Es ahí cuando están preparadas para sacar la sal. Los salineros, cooperativas de trabajadores apuntados por la semarnat, trabajan duras jornadas bajo el sol que se refleja en la sal, primero sacando lo que se conoce como sal de espuma, la que sola llega hasta la orilla de los charcos, y que no necesita ningún tipo de refinamiento. Después, con carretillas, sacan la sal de las charcas, grandes granos de un color rosado que se dejan secando al sol y que con el calor toman su tonalidad blancuzca, casi transparente. Esta sal se venderá, después, a Sudamérica, a Estados Unidos y Canadá. En el pueblo de Celestún es posible comprar sal de grano de la región, casi sin refinamiento, en su estado más puro. En la primera mitad del año, antes de las lluvias, también es posible ver a los salineros sacando enormes montículos de sal, que ciegan al reflejo con la luz.
Los manglares
En la ría, donde se va a ver los flamencos, hay otro gran atractivo: los manglares. Estas formaciones que se ven en zonas pantanosas son, en realidad, un conjunto de una sola especie de árbol, el mangle. Estos árboles sirven como barrera de protección para la mayoría de las especies que viven ahí, sobre todo en época de huracanes. La lancha que nos lleva a ver los flamencos es la misma lancha que se interna entre el bosque de manglares, túneles verdes que nacen de la ría.

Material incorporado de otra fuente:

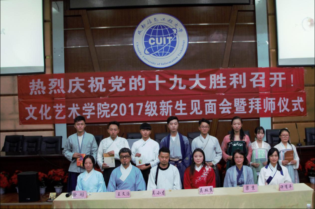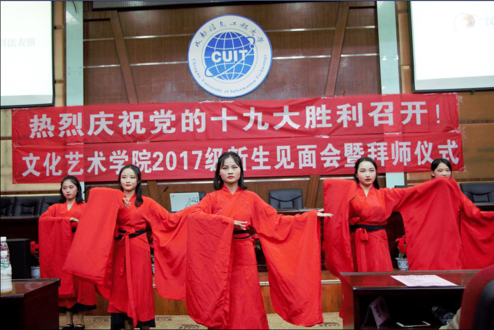 大会紧密围绕“献礼十九大,弘扬中华优秀传统文化”的主题,举行了隆重的拜师仪式,参加仪式的老师和同学们身着汉服。同时,老师与同学们还一起欣赏了汉舞及毛笔字书法表演。中华优秀传统文化的展示掀起了大会的高潮,不仅体现了大学之道的深刻含义,也将中华优秀传统文化得以继承与弘扬,进一步明确了学院人才培养新要求,增强了2017级新生对成信精神的认同感与归属感。

El clima y la vegetación cambian, y es posible ver ahí los nacimientos de agua dulce en medio de tanta vegetación, como una pequeña fuente. La lancha para en un pequeño muelle y, ahí, en medio de los manglares, aparece un ojo de agua que invita a calmar el calor en sus cristalinas aguas. Durante la temporada en la que visitamos, el agua es verde, pero ya que el mangle que lo rodea es rojo, en unos meses esta misma agua será roja. “Como un vino”, nos dice Henry, el biólogo que es nuestro guía del día. Y sí, exactamente como un vino, ya que el rojo que pinta tan dramáticamente el agua son taninos procedentes de los árboles. Si uno siente tentación, puede entrar y nadar un rato, aunque no más de cinco minutos, y siempre y cuando no traiga bloqueador solar o repelente de insectos que pueda contaminar el agua.
Lo que viene
¿Qué es lo que ha pasado con Celestún?, ¿qué va a pasar? Esta parte de la península de Yucatán, como el resto de las áreas verdes del país, están en peligro de desaparecer. La duda es en cuánto tiempo. Hay lugareños que dicen que en diez años el nivel del agua subirá tanto que ésta y otras zonas, como Cancún y Tulum, desaparecerán.
Hay quienes dicen –entre ellos Verena Gerber– que los esfuerzos que se están haciendo para mantener la zona, y los cuidados que hay actualmente, garantizan que la zona se conserve por muchos, muchos más años. Lo que sí es cierto es que la explotación de la selva y de las especies endémicas de la región han causado daños irreparables, y no únicamente aquí. Es por eso que un esfuerzo como el que hace Xixim, de no invadir la naturaleza, es tan importante. Pero además, trabajan por no sobreexplotar su playa, por educar a sus huéspedes y enseñarles a ser lo menos invasivos posible. Llegar a Celestún es un viaje de reconocimiento con la naturaleza, de observar de primera mano y experimentar un proyecto que demuestra que las cosas se pueden hacer bien sin causarle daño al entorno.
El futuro de esta reserva puede ser incierto para todos en este punto, pero lo que es innegable, es que su belleza y su importancia para las especies que aquí habitan, vale la pena el esfuerzo de conservarla.